AT&T's makeover doesn't stop in the United States. Internationally, the carrier has established a partnership with BT so deep that both carriers will eventually rely on the platform used for their new joint venture as a model to build their own networks. The international effort also involves partnering with Nippon Telegraph and Telephone Corp. (NTT) and taking a 15 percent stake in Japan Telecom Co. Ltd. (Tokyo), as did its new best friend, BT.
Pulling off the deals is one thing. Getting them to pay off is another matter entirely. That's Nagel's job. Once the dust settles, Nagel and his people must integrate the disparate systems-a daunting task. Essentially, it requires mapping a path from circuit- to packet-switched networks, marrying various operations support systems (OSSs), pushing vendors to create gear to speed the core and nurturing the important home networking industry, while deploying AT&T's push into the local market through fixed wireless technologies.
Nagel may just be the right man for the job.
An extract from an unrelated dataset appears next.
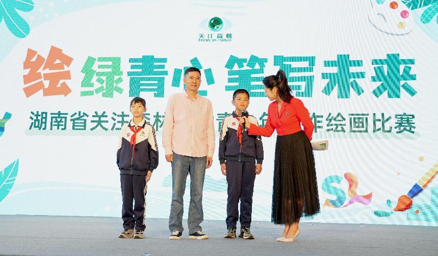 在“湖南省關(guān)注森林活動(dòng)青少年寫作繪畫比賽”發(fā)布環(huán)節(jié),長(zhǎng)沙市望城區(qū)橋驛鎮(zhèn)維新學(xué)校學(xué)生代表胡錦煜、周哲豪與主持人互動(dòng),用童真視角詮釋森林的生態(tài)價(jià)值。知名兒童文學(xué)作家、《小溪流》雜志執(zhí)行主編鄧湘子發(fā)出呼吁,鼓勵(lì)青少年積極報(bào)名參賽,盡情發(fā)揮想象力和創(chuàng)作力,用筆觸與色彩記錄生態(tài)之美。
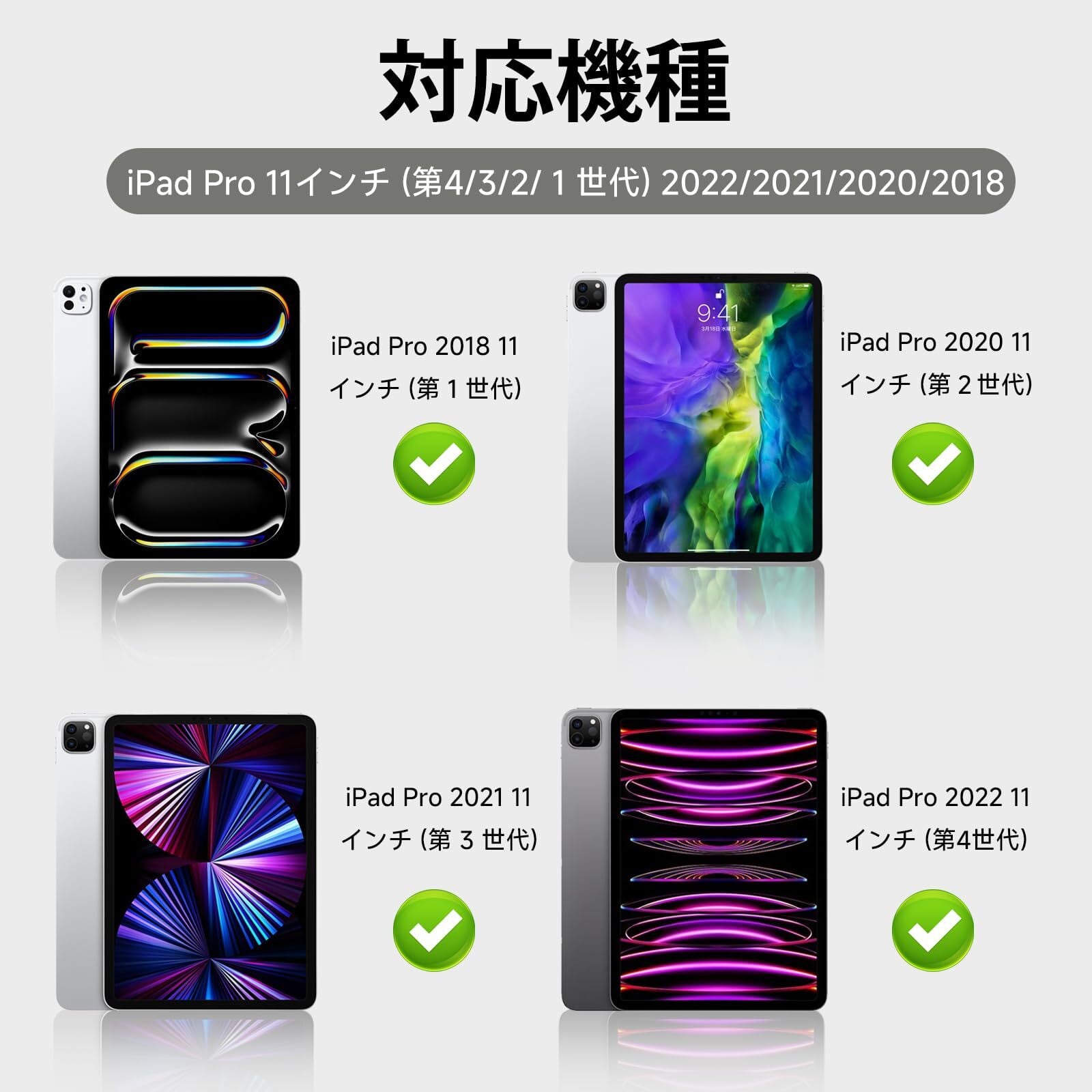 1.【対応機種】iPad Pro 11インチ 第4世代(2022年モデル、モデル番号:A2759 A2761 A2435)/ iPad Pro 11インチ 第3世代(2021年モデル、モデル番号:A2459 A2301)/ iPad Pro 11インチ 第2世代(2020年モデル、モデル番号:A2228 A2068 A2230)/ iPad Pro 11インチ 第1世代(2018年モデル、モデル番号:A1980 A2013 A1934)の専門設計です。※ご注意:iPad本体の裏面に記載されているモデル番号をご確認の上、正しい型番をお選びください。

He's steeped in technology, thanks to his past positions as a senior vice president of Apple Computer Inc. (Cupertino, Calif.) and head of human factors research at NASA's Ames Research Center. And beyond his undergraduate and graduate degrees in engineering, he also holds his doctorate in experimental psychology. That can't hurt. "David comes to the job with a good technical background and the business discipline essential for a modern R&D laboratory operating in a fast-moving and highly competitive market," says Peter Cochrane, BT's chief technologist.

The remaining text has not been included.